Nel Vangelo di oggi c'è un altro particolare che è di grande insegnamento. Tommaso, uno dei Dodici, «non era con loro quando venne Gesù» (Gv 20,24). Egli non volle credere alla testimonianza degli altri Apostoli riguardo alla Risurrezione del Signore, e disse: «Se non vedo nelle sue mani il segno dei chiodi e non metto il mio dito nel segno dei chiodi e non metto la mia mano nel suo fianco, io non credo» (Gv 20,25). Otto giorni dopo, Gesù apparve di nuovo, e c'era anche Tommaso. Gesù entrò a porte chiuse e disse a Tommaso: «Metti qui il tuo dito e guarda le mie mani; tendi la tua mano e mettila nel mio fianco; e non essere incredulo ma credente!» (Gv 20,27). A quella vista, Tommaso fece uno stupendo atto di fede: vide l'umanità gloriosa di Cristo Risorto e credette nella sua divinità, esclamando: «Mio Signore e mio Dio!» (Gv 20,28).
Un atto di fede simile lo facciamo anche noi ogni volta che partecipiamo all'Eucaristia. Ogni volta che vediamo l'Ostia consacrata, noi non vediamo l'umanità di Gesù e neppure la sua divinità, eppure noi riconosciamo in quell'Ostia Gesù, vero Dio e vero uomo.
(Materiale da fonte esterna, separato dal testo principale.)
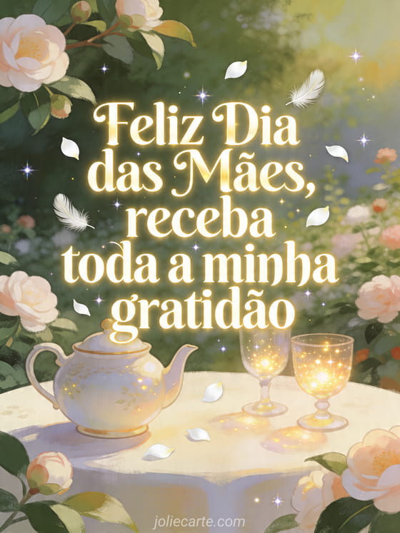 Compartilhe um cartão luminoso de Dia das Mães com uma mesa de jardim de camélias, bule de porcelana, vidraria brilhante e pétalas suaves. Você também pode enviar um trocadilho Dia das Mães, feliz Dia das Mães minha nora ou feliz Dia das Mães.

Quando, durante la Messa, il sacerdote eleva l'Ostia Santa, e quando preghiamo davanti al Tabernacolo, è una cosa molto bella ripetere l'atto di fede di Tommaso: «Mio Signore e mio Dio». Ripetiamolo spesso e crediamo senza esitare che quello che vediamo non è pane e vino, ma è Gesù vivo e vero.
A san Tommaso Apostolo ravveduto, Gesù poi disse: «Perché mi hai veduto, tu hai creduto; beati quelli che non hanno visto e hanno creduto» (Gv 20,29). Tommaso vide l'umanità di Gesù e credette alla sua divinità; noi non vediamo nulla e, perciò, siamo beati, come ha affermato il Signore.
Volendo ora sintetizzare il contenuto del Vangelo di oggi, possiamo adoperare due parole: Confessione e Comunione. Esse costituiscono la "fonte della vita" di cui parlava Gesù a santa Faustina. Accostiamoci con fiducia a questa fonte per attingervi la vita in abbondanza. La Madonna, Madre dell'Eucaristia, ci ispiri sempre una grande fiducia nell'infinita Misericordia di Dio.